**Work task**
Say how many lines in the data hold "free". Nothing else belongs in the answer.
BEGIN Input records
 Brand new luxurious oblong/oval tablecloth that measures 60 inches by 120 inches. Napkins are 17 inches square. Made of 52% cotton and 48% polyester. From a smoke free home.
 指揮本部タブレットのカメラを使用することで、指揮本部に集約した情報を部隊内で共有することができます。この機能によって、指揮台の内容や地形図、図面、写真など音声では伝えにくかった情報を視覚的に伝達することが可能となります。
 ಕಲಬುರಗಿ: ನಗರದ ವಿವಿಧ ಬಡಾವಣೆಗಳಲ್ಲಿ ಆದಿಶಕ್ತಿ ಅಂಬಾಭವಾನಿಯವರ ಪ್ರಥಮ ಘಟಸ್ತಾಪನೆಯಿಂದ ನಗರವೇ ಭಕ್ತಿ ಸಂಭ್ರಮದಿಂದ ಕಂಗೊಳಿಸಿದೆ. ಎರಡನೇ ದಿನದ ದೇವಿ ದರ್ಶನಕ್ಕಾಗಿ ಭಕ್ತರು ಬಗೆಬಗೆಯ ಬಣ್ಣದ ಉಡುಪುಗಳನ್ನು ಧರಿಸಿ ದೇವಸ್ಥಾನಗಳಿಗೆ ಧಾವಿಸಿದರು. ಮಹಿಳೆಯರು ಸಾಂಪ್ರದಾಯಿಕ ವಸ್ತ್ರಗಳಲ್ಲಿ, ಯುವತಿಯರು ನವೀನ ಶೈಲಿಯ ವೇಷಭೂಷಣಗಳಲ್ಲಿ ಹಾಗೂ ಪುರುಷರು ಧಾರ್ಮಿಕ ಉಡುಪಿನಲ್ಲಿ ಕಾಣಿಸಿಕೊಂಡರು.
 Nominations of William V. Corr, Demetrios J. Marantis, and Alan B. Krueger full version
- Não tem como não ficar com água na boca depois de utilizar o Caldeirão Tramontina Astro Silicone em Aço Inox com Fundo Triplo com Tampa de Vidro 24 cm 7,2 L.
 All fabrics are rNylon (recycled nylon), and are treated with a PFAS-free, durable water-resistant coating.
END Input records
BEGIN Input records
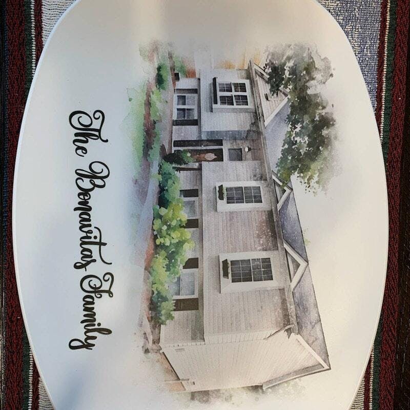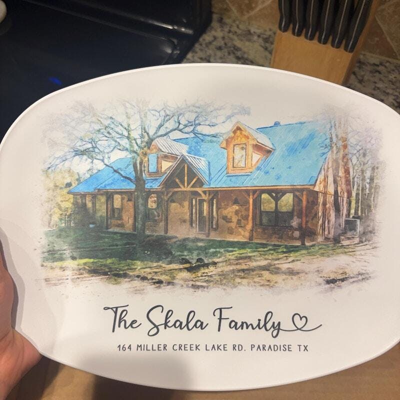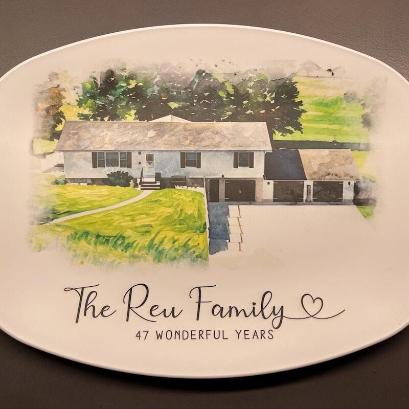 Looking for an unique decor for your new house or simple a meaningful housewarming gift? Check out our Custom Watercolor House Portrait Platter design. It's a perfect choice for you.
END Input records
**Response**
2